A Construtora de Pontes
Num vilarejo retirado e esquecido por todos havia um casal de velhinhos que viviam dependentes dos vizinhos. Juntando a idade dos dois somava-se 156 anos.
Ele era cego, passava o tempo assentado num sofá, ou numa tora de madeira a ouvir um rádio de pilha. Num som chiado e disforme acompanhava a programação de seus programas preferidos, mudando sempre de estação à procura de ‘novidades’ que às vezes ‘apareciam’. De pequena estatura, corpo de quem sempre usou a força braçal, moreno da cor de chocolate, rosto de traços fortes, raramente demonstrando emoção, usava óculos escuros por puro hábito já que não tinha serventia alguma.
Ela passava a maior parte do tempo deitada. Baixinha, cor acanelada, cabelos brancos e ralos, rosto comprido marcado pelo tempo. Da cama para a mesa, dizia ela, essa é minha sina. Apesar de enxergar, as pernas é que lhe davam trabalho e não lhe ‘sustinha’ o corpo. Por passar muito tempo deitada tinha tontura, temendo cair limitava seus movimentos. Parecia tão pequenininha dentro daqueles lençóis, e afundada num colchão velho e mole. Numa voz clara e singela me disse que queria morrer, mas tinha que esperar pelo Dono da Vida, pois Ele sabia o melhor para todos.
Como estavam expostos à maldade alheia! Sem qualquer impedimento entrei naquela casa, tive acesso ao quarto, senti a fragilidade daquele casal. Alegraram-se com a visita, pediram-me para voltar.
Depois de uns trinta minutos de conversa, chegou uma filha do casal. Era uma senhora de sessenta e dois anos, mas que parecia ter uns oitenta. Enquanto conversávamos da sua boca não saiu uma palavra sequer de amargura, nem de desânimo. Ela cria num amanhã.

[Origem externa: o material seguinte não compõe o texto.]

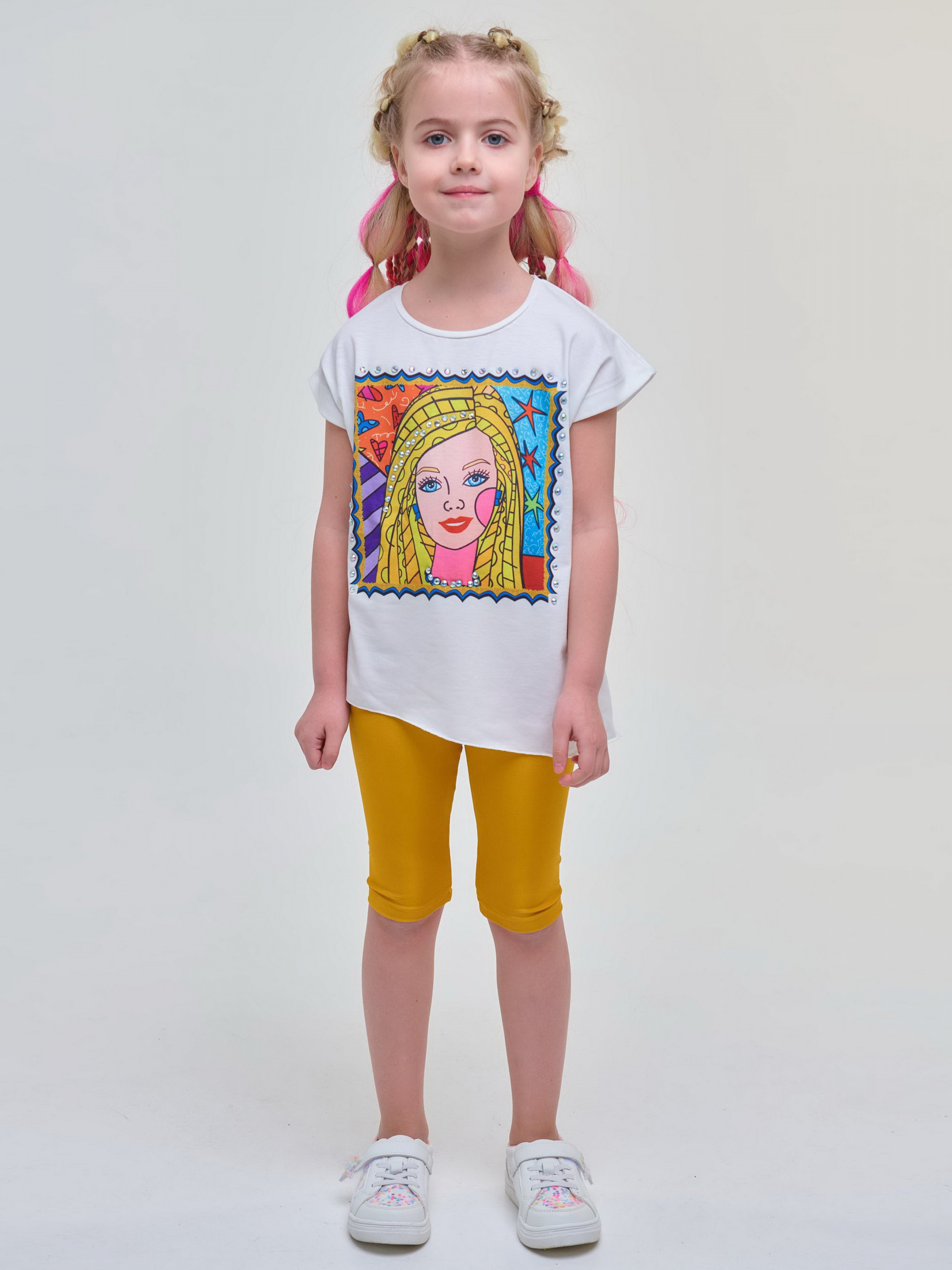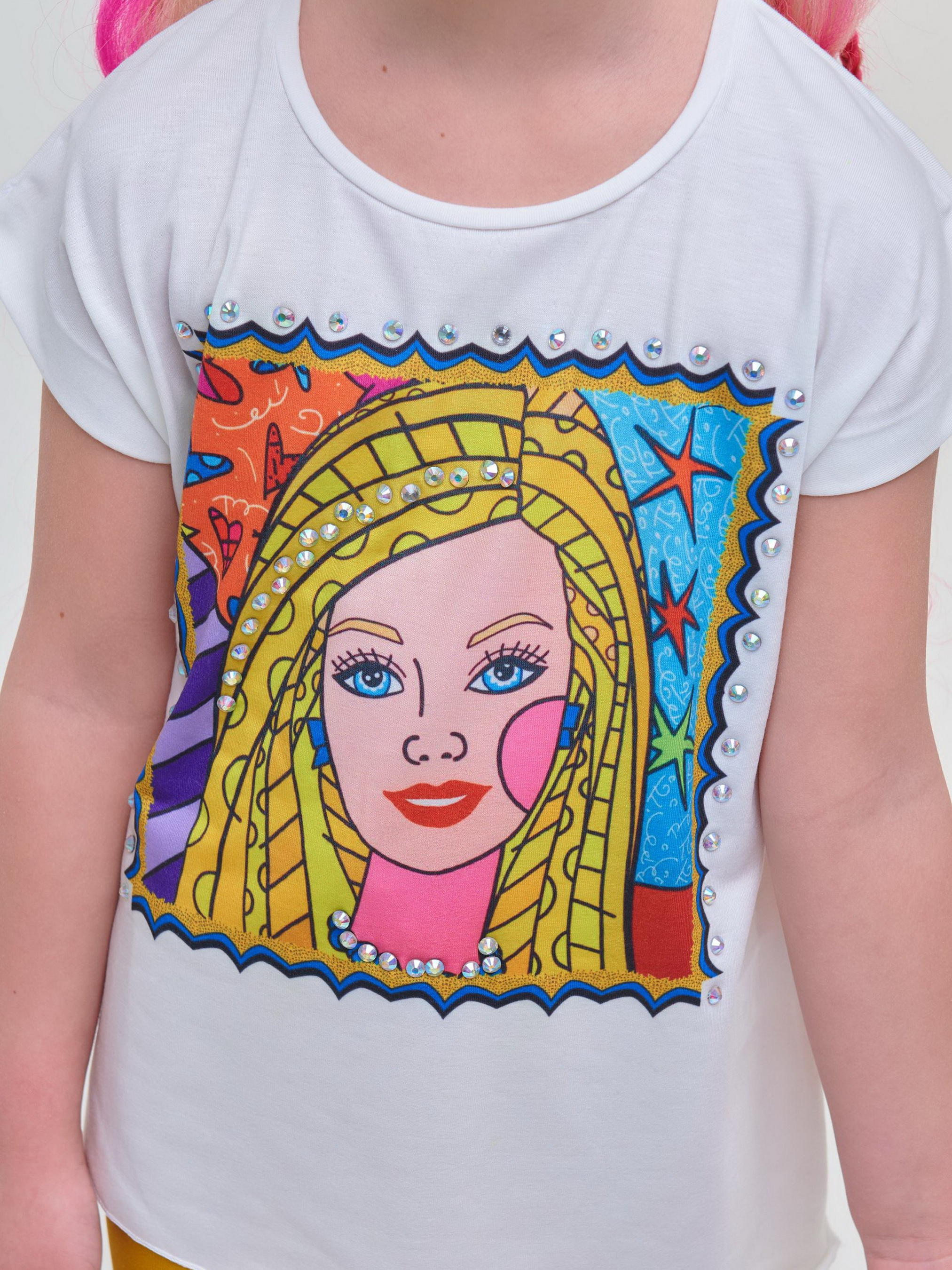 Стильная белая футболка с принтом "Барби" для юных модниц. Отлично разбавит любой гардероб своей легкостью и непринужденностью. Размерный ряд: для девочек на рост от 104 см до 164 см.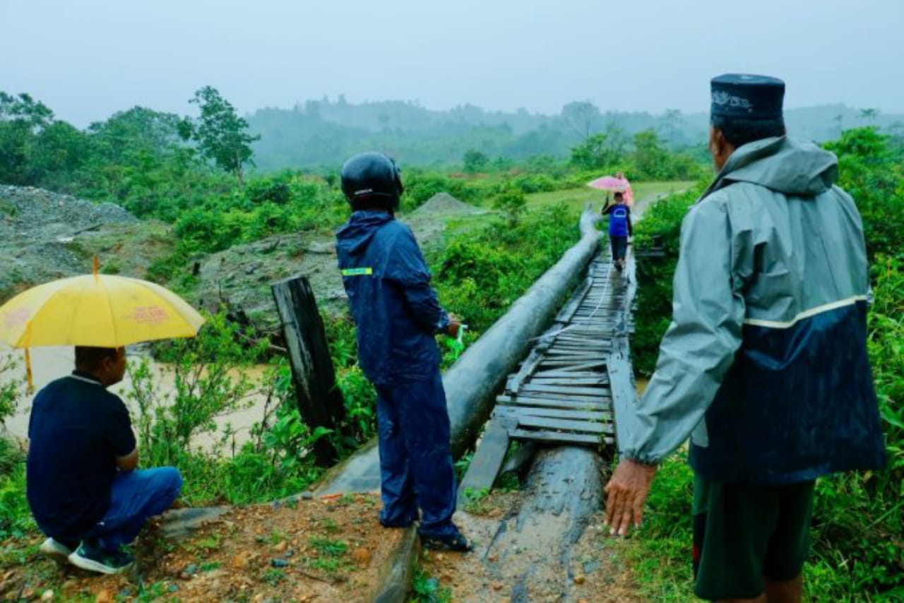 Sebelumnya ada akun media sosial warga merekam kondisi jembatan darurat dari kayu gelondongan dilintasi sejumlah anak-anak yang mengenakan seragam sekolah.

Sua história de vida daria para escrever um livro à parte, mas tentarei repassá-la em poucas linhas.
Era viúva, criava dois netos, um com três aninhos e o outro com oito anos. O pai dessas crianças estava numa cadeira de rodas, desenganado pelos médicos aos trinta e dois anos. A sua nora abandonara os filhos e o esposo deficiente. O filho queria se matar por não aceitar as limitações e dores que a doença lhe trouxera. Aquela senhora que deveria chorar suas mágoas, dividia-se para dá assistência aos velhos pais, ao filho deficiente,aos netos desnutridos e barrigudos que dependiam de suas calejadas mãos.
Ela me disse algo que me deixou pensativa: “ Tenho tantas doenças que não me permito pensar como será o dia que eu não puder mais dá um passo, porém quando olho para meus tesouros.” Referia-se aos pais, filho e netos. Com olhos embaçados, porém secos, prosseguiu: “Esqueço as dores e as recomendações médicas e vou em frente, porque eles precisam de mim.”
Essa senhora é uma construtora de pontes, e nas suas limitações segue construindo para o amanhã, pois como ela me disse: “Moça, eu nunca imaginei que um dia passaria por tantas noites escuras. Essa que está em cima de uma cama me falava que a vida nos trás muita surpresa, e que por isso deveríamos fazer o bem sem olhar a quem, pois no amanhã poderíamos precisar e com certeza receberíamos de volta tudo que tivéssemos construído.” Naquele momento pude entender que devemos agir como construtores de pontes, pois nunca sabemos o caminho que teremos que percorrer. A vida é cheia de surpresas e o amanhã não está ao nosso alcance.